Norman Luther Johnson was born in 1838 in Oakland County, Michigan.
In 1850 one Norman Johnson, age 11, and his younger sister (both born in Michigan) were attending school and living with the Joseph Sage family in Farmington, Oakland County.
Norman was married to Michigan native Lydia Lovejoy (b. 1836) on October 20, 1855, in Perry, Shiawassee County, and they had at least four children: Alice, Annie, Wellington and Oscar. (Lydia too had been born in Oakland County.)
Norman stood 5’9” with blue eyes, brown hair and a light complexion, and was 23 years old and possibly living and/or working in Locke, Ingham County when he enlisted in Company G on May 13, 1861. (He may have been related to Amasy Johnson and/or George Johnson both of whom enlisted in Company G.) Norman was badly wounded in the right hand on May 31, 1862, at Fair Oaks, Virginia, after which he was hospitalized, probably in Judiciary Square hospital in Washington, DC. He was discharged on June 29, 1862, at Upton’s Hill, Virginia for a wound of the right hand “the ball passing . . . backwards between the heads of the metacarpal bones of the index and middle fingers, shattering them to an alarming extent -- he is now unable to use this fingers in the least.”
After he was discharged from the army Norman returned to Michigan and in 1862 he applied for and received a pension (no. 10161).
He was living in Michigan when he reentered the service in Company M, Tenth Michigan cavalry on August 20, 1863, at Locke for 3 years, crediting Locke, and was mustered on October 2 at Grand Rapids where the regiment was organized between September 18 and November 18, 1863, when it was mustered into service. It left Michigan for Lexington, Kentucky on December 1, 1863, and participated in numerous operations, mostly in Kentucky and Tennessee throughout the winter of 1863-64. Most of its primary area of operations would eventually be in the vicinity of Strawberry Plains, Tennessee. (He is listed in both Third infantry and Tenth cavalry Regimental histories. )

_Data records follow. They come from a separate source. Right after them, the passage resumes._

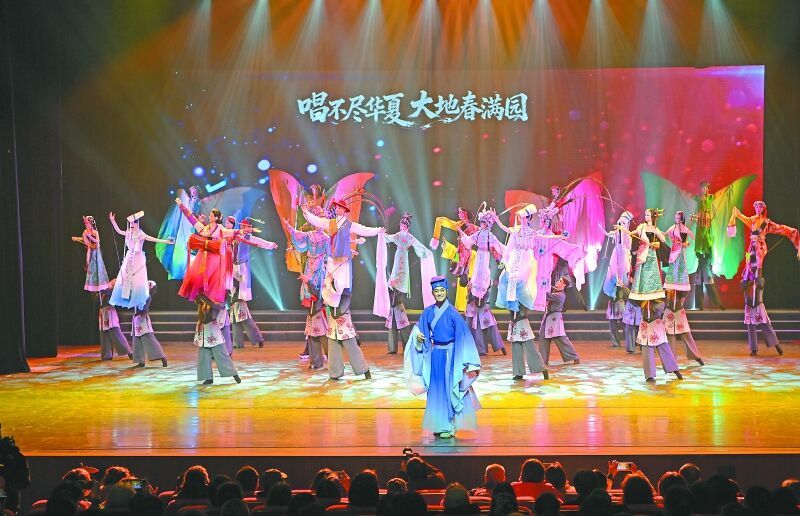 表演尾声,40人红扇队、40人腰鼓队、40人莲厢队相继登场,清脆的莲厢声、激昂的鼓点与灵动的扇舞相互呼应,为演出画上圆满句号。
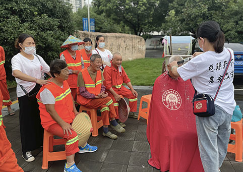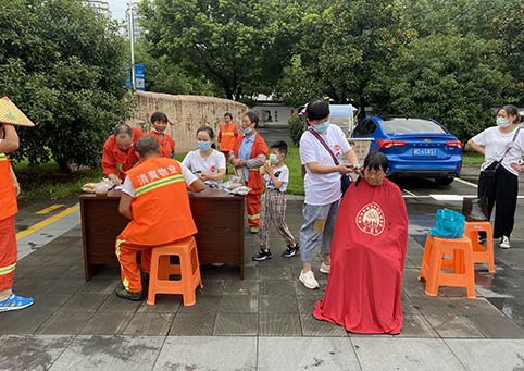 8月13日,慈联种福田志愿服务队的9位志愿者一早来到兰亭镇政府广场,开展“爱心献环卫 温暖你我他”活动,为环卫工人提供理发、保健按摩、测量血压等服务,同时送上蛋糕、清凉绿豆汤、夏令用品等。
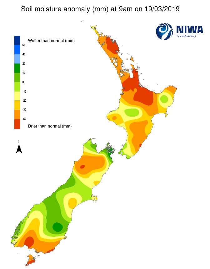 Soil moisture anomaly (mm) att 9am on 19/3/2019
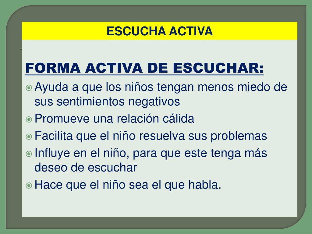 ESCUCHA ACTIVA FORMA ACTIVA DE ESCUCHAR: • Ayuda a que los niños tengan menos miedo de sus sentimientos negativos • Promueve una relación cálida • Facilita que el niño resuelva sus problemas • Influye en el niño, para que este tenga más deseo de escuchar • Hace que el niño sea el que habla.
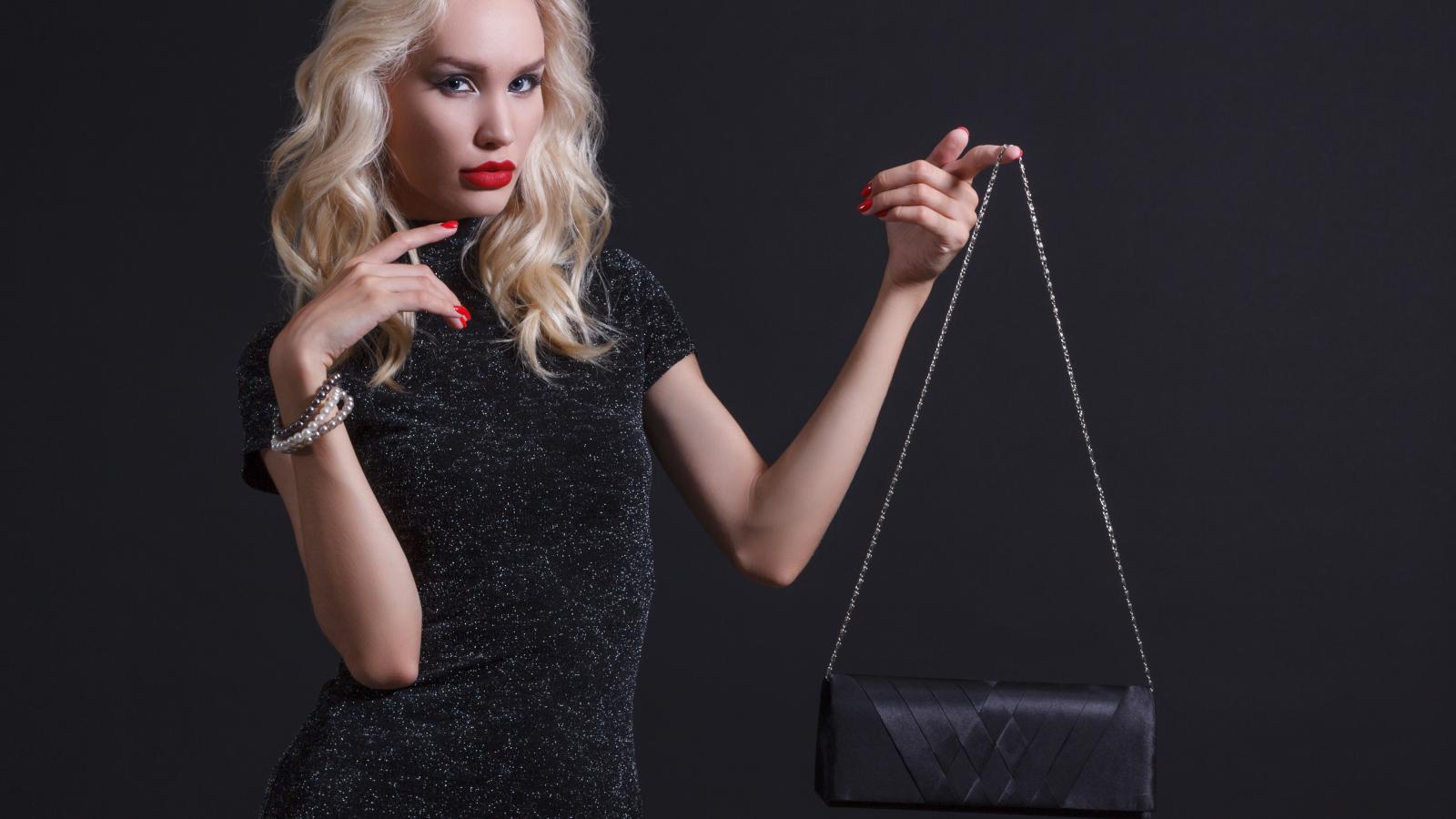 Wallpaper Stylish blonde with a black handbag
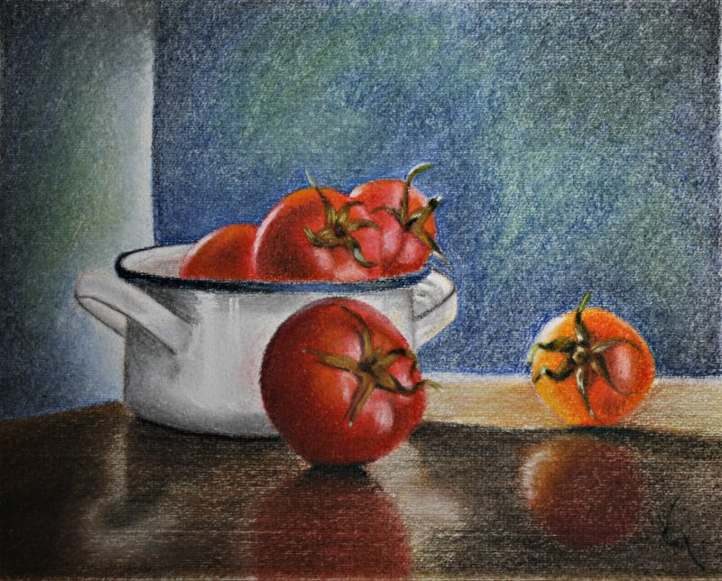 This is pastel pencils and soft pastels on ingres paper. I hate this paper, but I have a whole pad of it, so I am determined to use it up. LOL! This is the second piece that I have done for my kitchen walls.
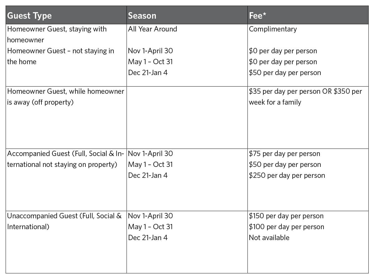 - There is no restriction on homeowner-guest amenity use when guests are staying with a homeowner.
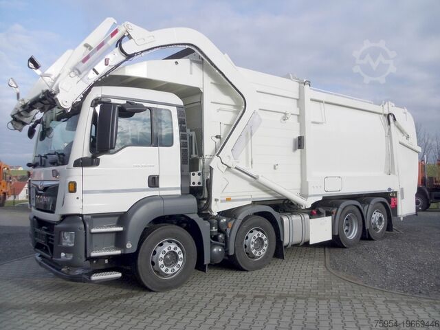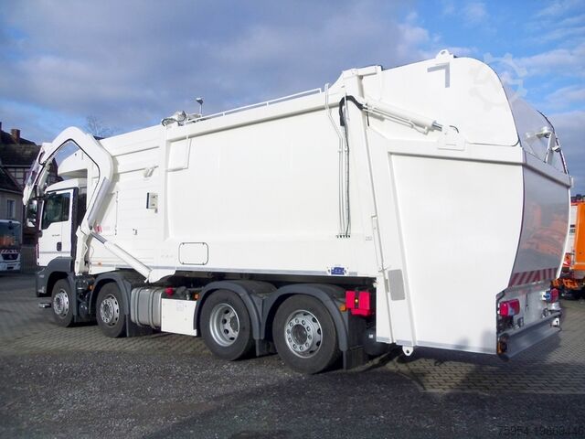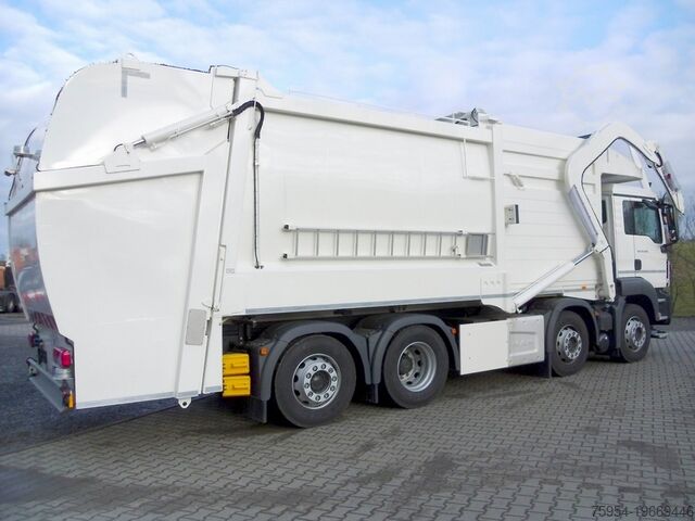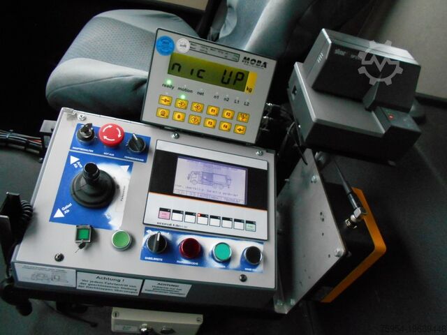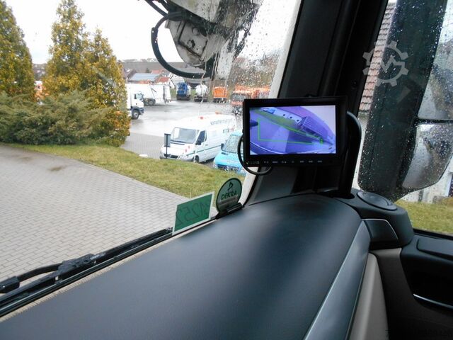 ABS, ASR, disc brakes, EDC engine control, air-suspended rear axle, steered trailing axle, differential lock, flame start system, 310-liter aluminum fuel tank + 35-liter AdBlue, comfortable driver's seat, adjustable steering wheel, electric windows, heated and electrically adjustable mirrors, adjustable and heated wide-angle mirrors, air conditioning, fine/pollen filter, tinted windows, roller blind, roof hatch, headlight range adjustment, rocker arm brake, on-board computer, digital speedometer, radio, entry lighting, cruise control, traction control, central locking, work lights, rotating beacon, reversing lights, adjustable fork on one side, fork inner dimension 1,280 - 1,880 mm, 1.1-inch mount, follower panel, TFT/color camera system, rear/wide camera, dump camera, front camera, remote control, ladder, storage box, fire extinguisher, Moba scales
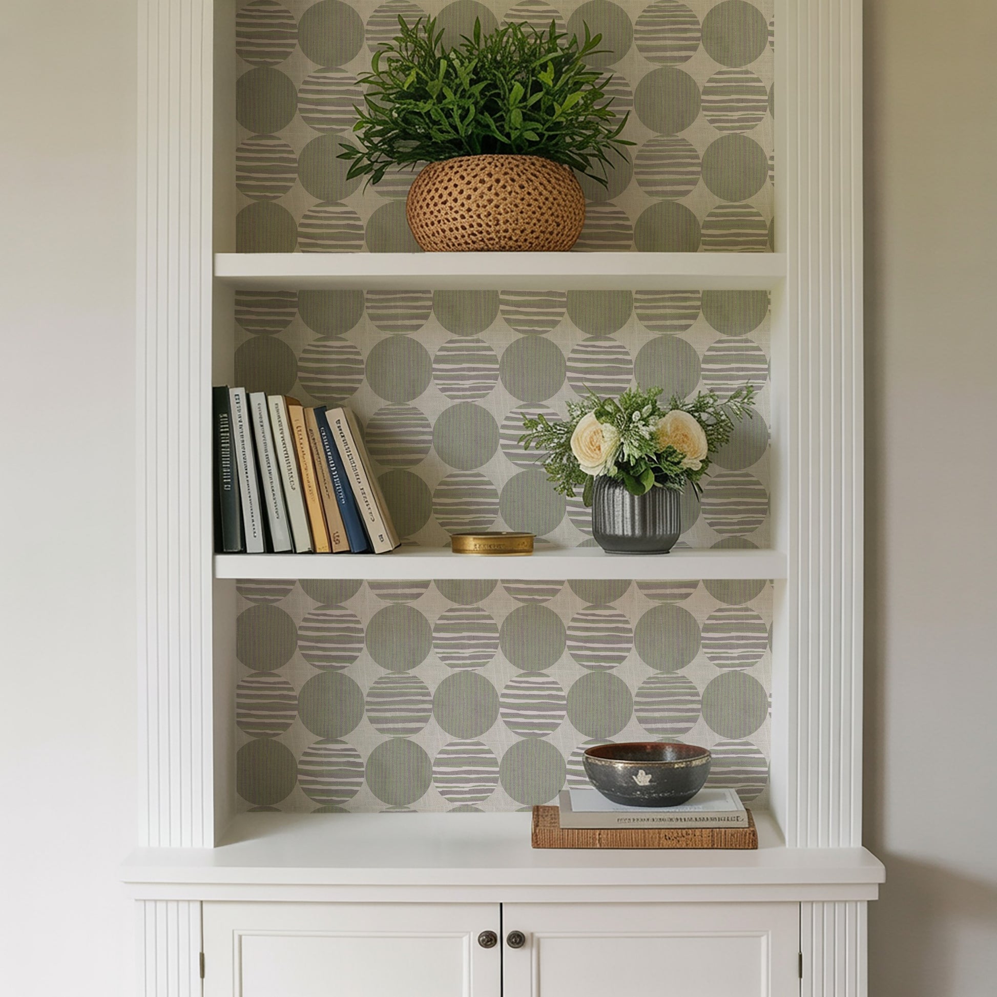Use:Circles, textures and stripes collide in this playful yet sophisticated pattern, creating a sense of movement that draws the eye. The soft hues bring a fresh, organic feel that would work beautifully in a sunny kitchen or a serene bedroom. The peel-and-stick installation means you can transform your space in no time. The high-quality printing ensures crisp details and rich tones that will last. Whether you're looking to create a calming retreat or a conversation-starting accent wall, this wallpaper has the perfect balance of modern sophistication and timeless appeal. Enjoy effortless installation, worry-free removal, and stunning walls that reflect your distinctive style..
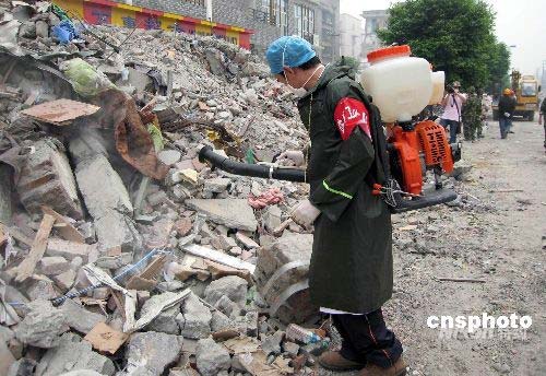 五月十七日,是汶川地震發(fā)生時間第六天,地震災(zāi)區(qū)都江堰市最大的市場荷花池市場已開始用大型挖掘機、裝載機清理倒塌的樓房和廢墟,并有專業(yè)人員進行防疫消毒。中新社發(fā) 周丹鈺 攝
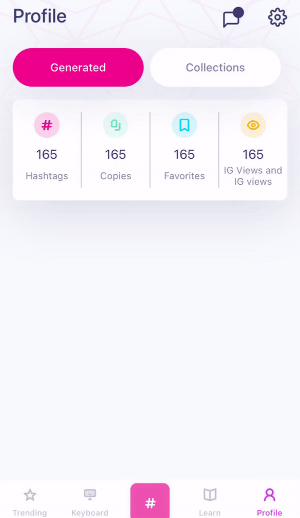 This tab features all hashtag groups you have saved (regardless of if it is in a collection or not) and the groups are sorted by most recently copied.

Norman was taken sick on January 6, 1864, and subsequently hospitalized at Camp Nelson, Kentucky. He was reportedly wounded by a bayonet in the left eye on May 14, 1864, causing the loss of vision in that eye. He was admitted to a hospital in Louisville, Kentucky, on July 7, 1864, suffering from chronic dysentery and remained hospitalized until his discharge on October 18, 1864, at Brown hospital in Louisville, Kentucky, for “aphonia” (loss of voice) and “also loss of sight of left eye occasioned by a bayonet wound.”
He gave Locke as his mailing address on his discharge from the Tenth cavalry, but by 1867 he was working as a farmer in Conway, Livingston County – although he also listed his address as Locke, Ingham County.
Apparently he and Lydia separated – in fact it appears Norman left her and his children and he apparently married a widow named Eliza A. Goff on December 10, 1870 in Reading, Michigan. (Eliza, who had several children from her first marriage, had been living in Fremont, Indiana when married before meeting Norman.) It wasn’t until 1875, however that he and Lydia were divorced, which took place in Howell, Livingston County, she having charged Norman with desertion and neglect. Norman and Eliza eventually settled in Fremont, Indiana where they lived for many years.
It is not known if Norman returned to Michigan after the war.
While on a trip in search of work, Norman died on December 20, 1883 in Chicago.
In 1891 in Indiana his widow Eliza applied for and was granted a widow’s pension (no. 674378).